Well, I'm here to tell you I am back in action!
It's all thanks to Melissa's idea of making her own sausage. While a great idea in and of itself, if nothing else than for my selfish reasoning of "YAY, SAUSUAGE", she invited me to help. I did, and really got into it, and the whole process seems to have kick-started me back into gear.
YES! *Insert raised arms here.*
After sausage-making glory was had, I made strawberry tarts for Saturday's Beltane celebration (where I had a whole lot of mead) and made a bag for my mom's birthday (shocking due to the amount of mead I drank - seriously), so I'm feeling fairly accomplished, or at least back on the right track... since I found the missing not-ugly car bag, I wonder if that was the catalyst to all this progress!
This might even mean I get back to regular updates, you never know... try to contain your excitment.
Sausage Making Joy
Turn away now if you're a vegetarian, for there is carnage ahead...
Sausage making is surprisingly easy, and, except for the equipment, cheap! Melissa forked over $14 for a 5-pound pork butt and some casings, which amounted to about 20 sausages. That's 70 cents a link for how we did it, or 2.80 for a pack of 4 gourmet home-made sausages...that's a *whole* lot cheaper than Boulder Sausage, the local favorite that can be found at the grocery store, and trust me... ours was better! There was a bit of a learning curve, so I'm sure we'll be able to get more out of it next time, but for our first round that's not bad.
Well, I'm using "we" very liberally, now that I think about it... All I did was feed pork into the scary, scary machine and help Melissa stuff them, but she totally did all the hard work! She's a fantastic cook.
She made sage & red wine (a little salty, but good), garlic (strangely pie-like; the recipe called for cinnamon and nutmeg - really fabulous combo as it turns out) and Irish sausage (using fresh bread crumbs). All were delicious when we tested them out, so I can't wait to try them now that they're all sausage-ified! Especially the Irish Sausage. Yum!
It was surprisingly easy to do, assuming one has the correct equipment (check!).
START WITH THIS:
Mmmm, pork butt.
- Cut meat into cubes
- Freeze a bit (so you're not making mush)
- Feed cubes into grinder
- Stop and turn grinder blade the correct way
- Re-feed cubes into grinder
- Marvel at your technical abilities
- Rush to insert meat faster because OMG that thing is fast when it's put together right
This is what you get when you grind 5 pounds of pork butt...a bowl full of goodness.
MAKE SAUSAGE FILLING:
- Season meat per various recipes available
- Test for deliciousness by frying up a patty
- Test a little more
Red Wine & Sage, Irish, and Garlic sausage stuffing...

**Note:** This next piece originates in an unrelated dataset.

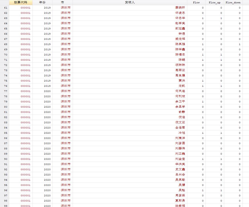 第四步:识别流动行为 (Flow)通过追踪发明人在不同年份所属的上市公司(股票代码)来界定流动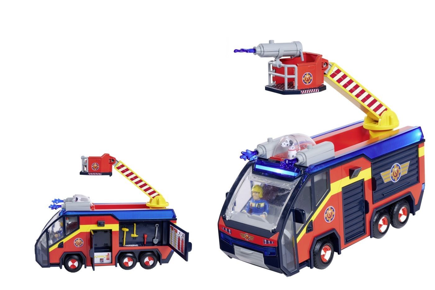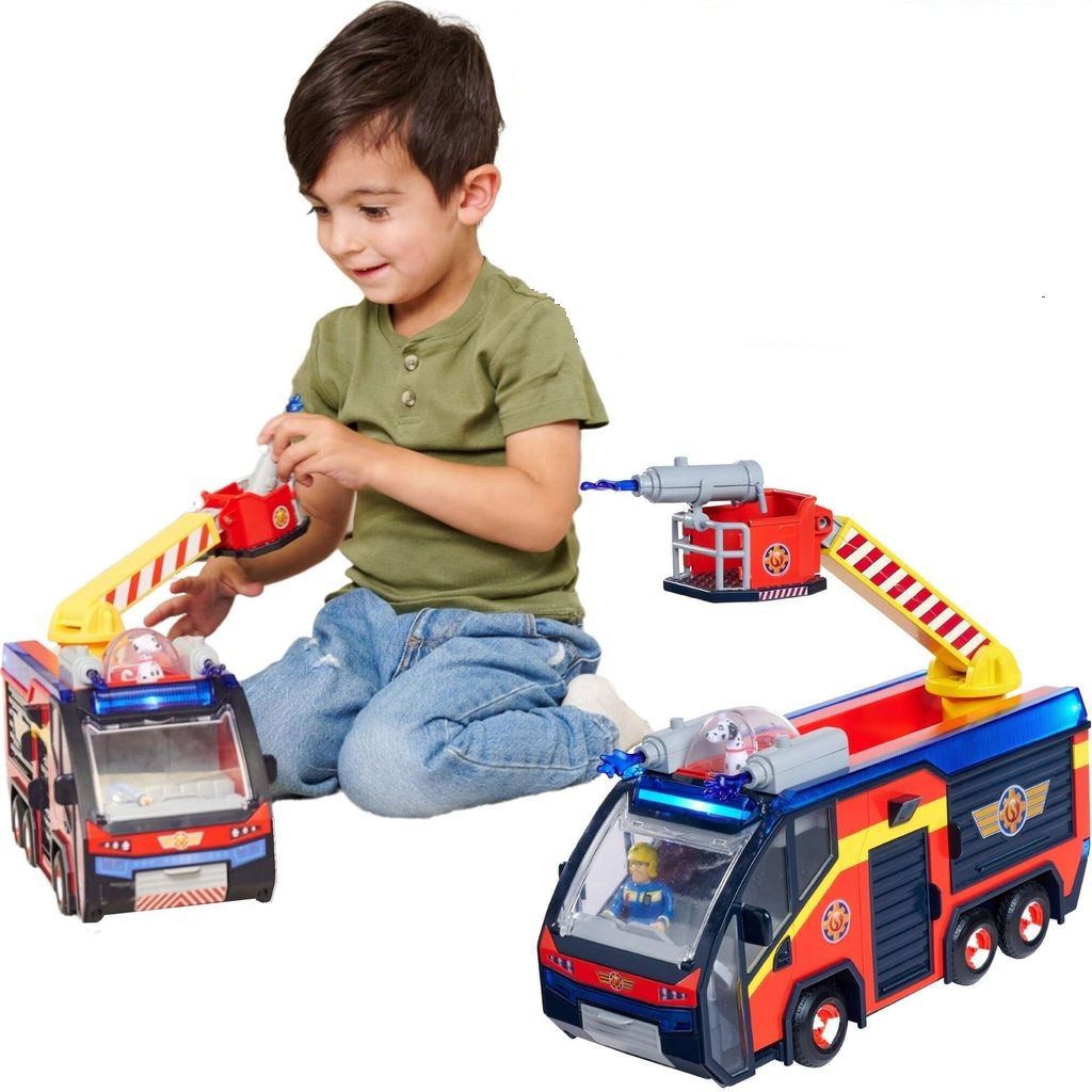 Cel mai cunoscut vehicul al lui Pompierul Sam, legendara masina de pompieri Jupiter, revine intr-o versiune moderna, inspirata fidel din Sezonul 14 al indragitului serial. Jupiter este echipata cu o scara de pompieri rotativa, care poate fi extinsa si intoarsa in toate directiile, completata de sageti de apa din plastic pentru actiuni realiste de stingere. Vehiculul include o platforma speciala pentru ATV, un compartiment de depozitare functional pentru echipamentele de interventie si o cabina superioara ce se deschide pentru a gazdui cainele Radar si figurinele eroilor. Efectele sonore realiste si iluminarea spectaculoasa la 360° adauga o nota autentica fiecarei misiuni de salvare. Setul include vehiculul Jupiter, figurina Pompierul Sam, cainele Radar si accesorii tematice. Cu numeroase piese mobile si detalii atent realizate, acest set ofera nenumarate posibilitati de joaca si recreeaza perfect scenele din serial. Cu Pompierul Sam Jupiter cu figurine, copiii se pot transpune in lumea eroilor din Pontypandy si pot trai aventuri pline de curaj si imaginatie.

What was left when we were done testing, anyway!
Click for bigger pictures!
- Put remaining sausage filling into stuffer
- Put casing on stuffer tube (surprisingly not gross but very condom-like)

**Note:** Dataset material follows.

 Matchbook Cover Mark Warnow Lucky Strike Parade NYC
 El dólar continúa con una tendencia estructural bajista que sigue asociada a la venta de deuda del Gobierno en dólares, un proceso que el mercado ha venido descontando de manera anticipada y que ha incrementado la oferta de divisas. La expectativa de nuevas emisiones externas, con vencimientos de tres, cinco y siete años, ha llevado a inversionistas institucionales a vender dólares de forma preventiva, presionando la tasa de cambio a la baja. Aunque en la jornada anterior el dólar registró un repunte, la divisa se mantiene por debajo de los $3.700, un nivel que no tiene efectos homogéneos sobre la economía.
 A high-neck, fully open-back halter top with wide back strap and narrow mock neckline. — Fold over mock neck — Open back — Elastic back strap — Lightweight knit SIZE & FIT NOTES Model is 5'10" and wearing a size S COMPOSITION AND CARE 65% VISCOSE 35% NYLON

- Tie off and carefully fill until you get to the end
- Tie off again
- Form sausages and twist like a balloon animal every 5 inches or so
- Swear when the casing breaks
- Repeat steps 1-4 again but limit the amount of stuff in the casing
- Repeat step 5, marvelling at your skills with meat
- Get mind out of gutter
- Dry sausages on a rack for 24 hours in fridge
- Fry or grill or prepare in some way that pleases you
- Eat and swoon all while patting yourself on the back - this takes some advanced skill, FYI.
I hope to make more soon... we've been having fun coming up with inappropriate names for these, such as "The Italian Stallion" for the garlic one, because we have a combined age of 12.